→ Activity
Up to and including the line with "Csengcsou, 2021. július", write out the listing from its first line, minus the pictures.

→ Exercise data
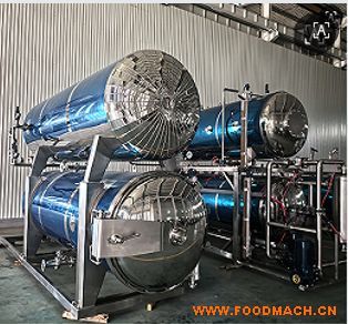 3、開啟平衡裝置,熱水罐內(nèi)的殺菌工藝水通過水泵抽到殺菌釜內(nèi),到達(dá)工藝設(shè)定液位;
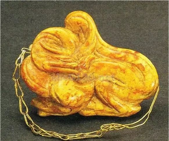 该饰物是以一条金链下系一块水滴状琥珀,琥珀为鲜红色,色泽艳丽通明,内部有一个气泡,聪明的匠师奇妙有利地势用了资料上的这一点小小的瑕疵,在琥珀的外壁依气泡的形状阴刻了两颗仙桃,衬以枝叶,显得清新自然,另一面则阴刻“瑶池春熟”四字,笔触洒脱潇洒。这件饰物既能够日常佩带,也能够闲暇时赏玩,和琥珀杯相同,都是墓主人生前的爱物。![]()
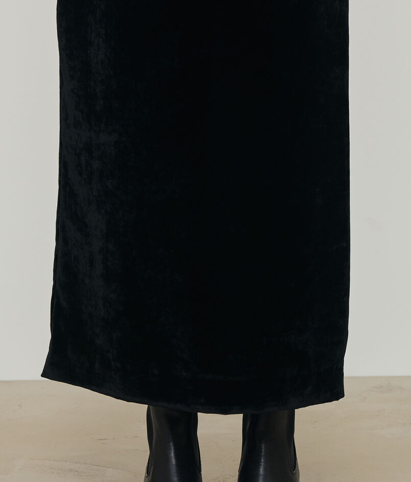 すとんと落ちるIラインとマキシ丈で大人の女性にぴったりの一着。
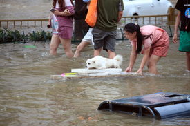 Csengcsou, 2021. július 21. Kutyáját tolja deszkán egy nõ az árvíz sújtotta kínai Csengcsou városban 2021. július 20-án. A heves esőzések következtében víz árasztotta el Honan tartomány székvárosának metróhálózatát, így emberek százai rekedtek a szerelvényekben, illetve az alagutakban. A természeti katasztrófának legkevesebb tizenkét halálos áldozata van.
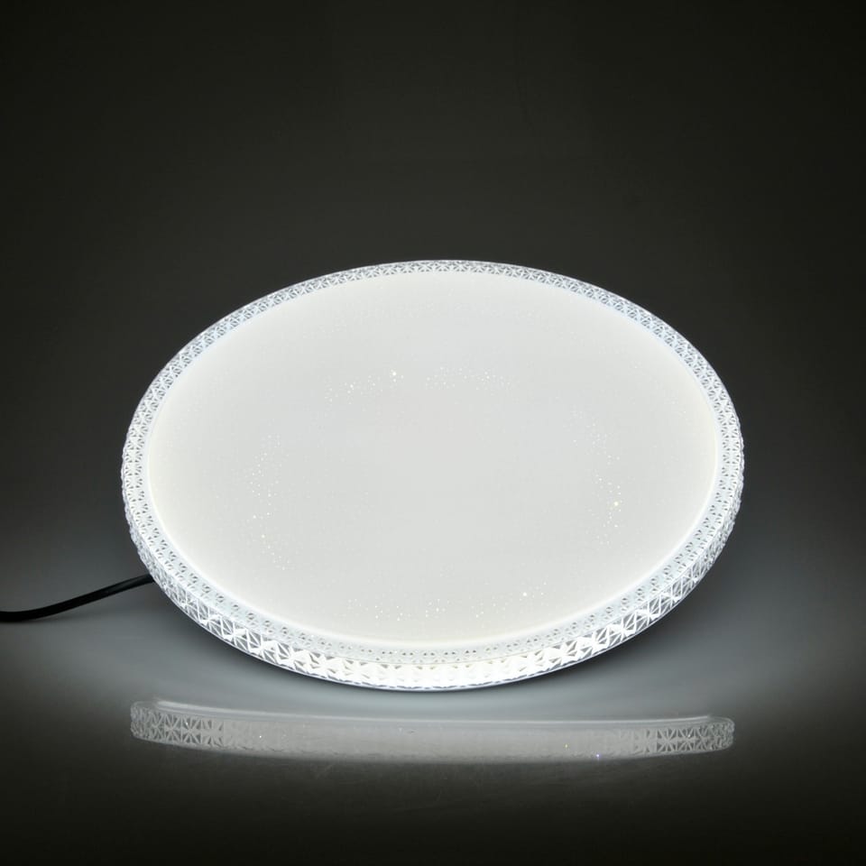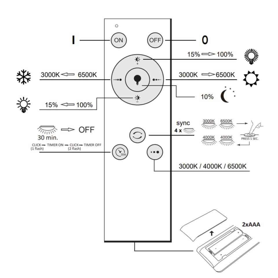 Plafon z pilotem za pomocą którego można płynnie zmienić barwę świecenia od ciepłej białej przez neutralną po zimno białą (3000K-4000K-6500K) oraz wybrać ilość światła, plafon z możliwością ściemniania.
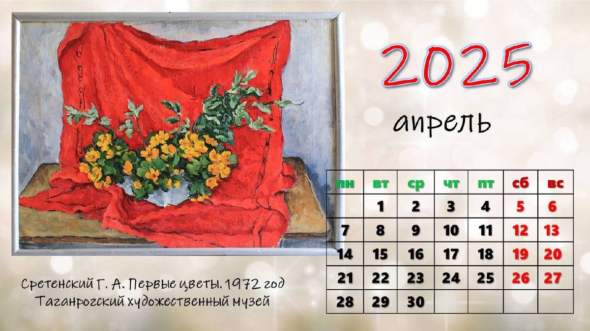 🌟Сретенский Григорий Александрович (1899-1972) — советский художник, живописец и график. Пейзажист. Жанрист. Учился в 1920—1925 гг. во Вхутеине (Вхутемасе) у П. П. Кончаловского. Основатель общества «Бытие». 🖼Работы Г.А. Сретенского хранятся в Государственной Третьяковской Галерее, Государственном Русском Музее и многих региональных музеях. 🌷🌷🌷Особое внимание заслуживает серия натюрмортов — ярких, неповторимых, несущих миру радость жизни через любование окружающими предметами, цветами, фруктами. 📆🌹🌹🌹Необыкновенно радостное весеннее настроение передает натюрморт «Первые цветы», находящийся в коллекции ТХМ. Им украшен апрельский #музейный_календарь_ТХМ
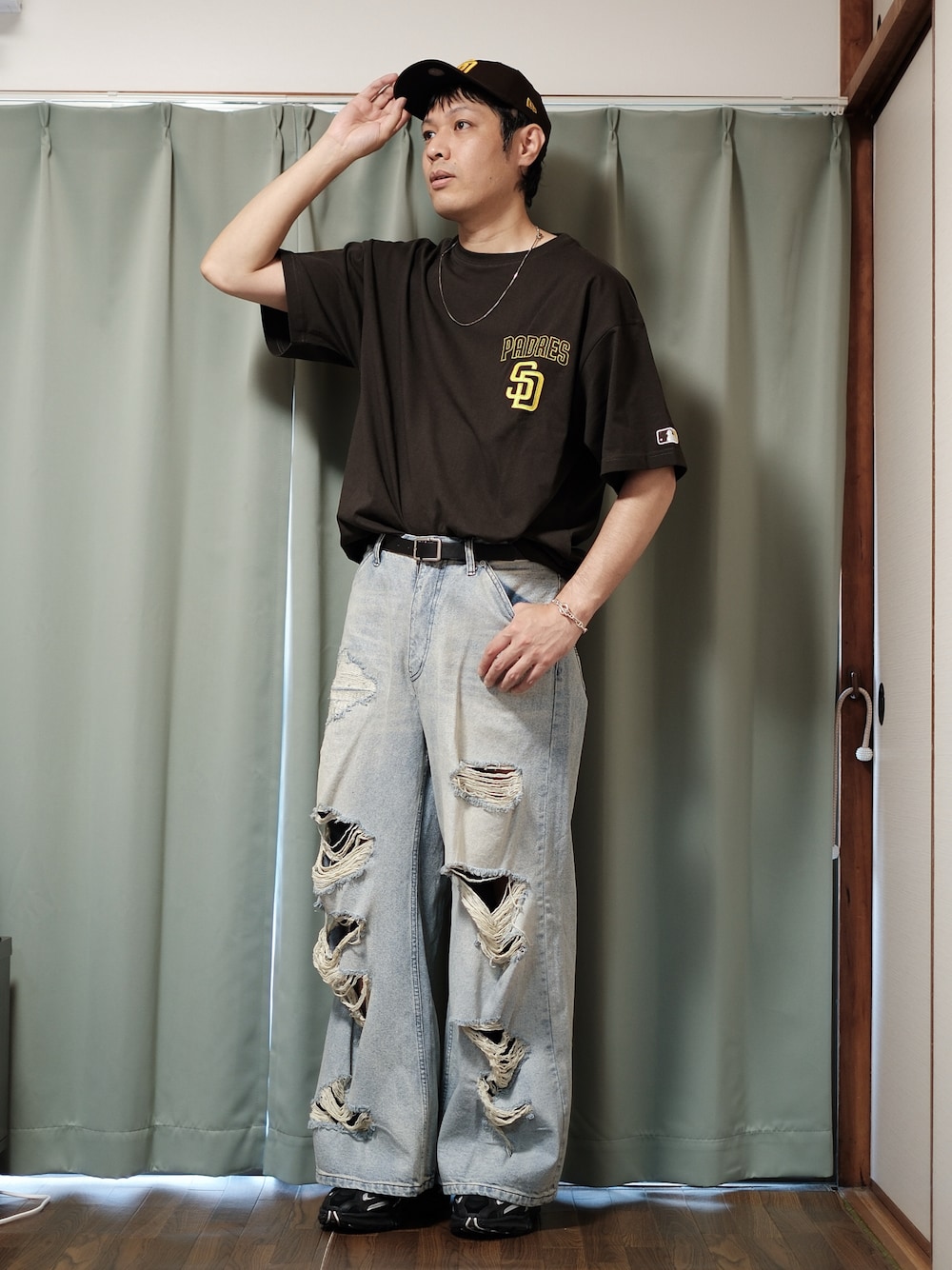 40代お洒落コーデ🧔♂️ 40代でもお洒落に見えるコーデを組んでみました🙆♂️ ダメージデニムは少しやり過ぎな気がしましたが、MLBのシャツと合わせれば色の相性もいいのでまとまります👕 タックインをすることで足長効果でスタイルがよく見えるのもポイントです👍

→ The completed task
 3、開啟平衡裝置,熱水罐內(nèi)的殺菌工藝水通過水泵抽到殺菌釜內(nèi),到達(dá)工藝設(shè)定液位;
 该饰物是以一条金链下系一块水滴状琥珀,琥珀为鲜红色,色泽艳丽通明,内部有一个气泡,聪明的匠师奇妙有利地势用了资料上的这一点小小的瑕疵,在琥珀的外壁依气泡的形状阴刻了两颗仙桃,衬以枝叶,显得清新自然,另一面则阴刻“瑶池春熟”四字,笔触洒脱潇洒。这件饰物既能够日常佩带,也能够闲暇时赏玩,和琥珀杯相同,都是墓主人生前的爱物。![]()
 すとんと落ちるIラインとマキシ丈で大人の女性にぴったりの一着。
 Csengcsou, 2021. július 21. Kutyáját tolja deszkán egy nõ az árvíz sújtotta kínai Csengcsou városban 2021. július 20-án. A heves esőzések következtében víz árasztotta el Honan tartomány székvárosának metróhálózatát, így emberek százai rekedtek a szerelvényekben, illetve az alagutakban. A természeti katasztrófának legkevesebb tizenkét halálos áldozata van.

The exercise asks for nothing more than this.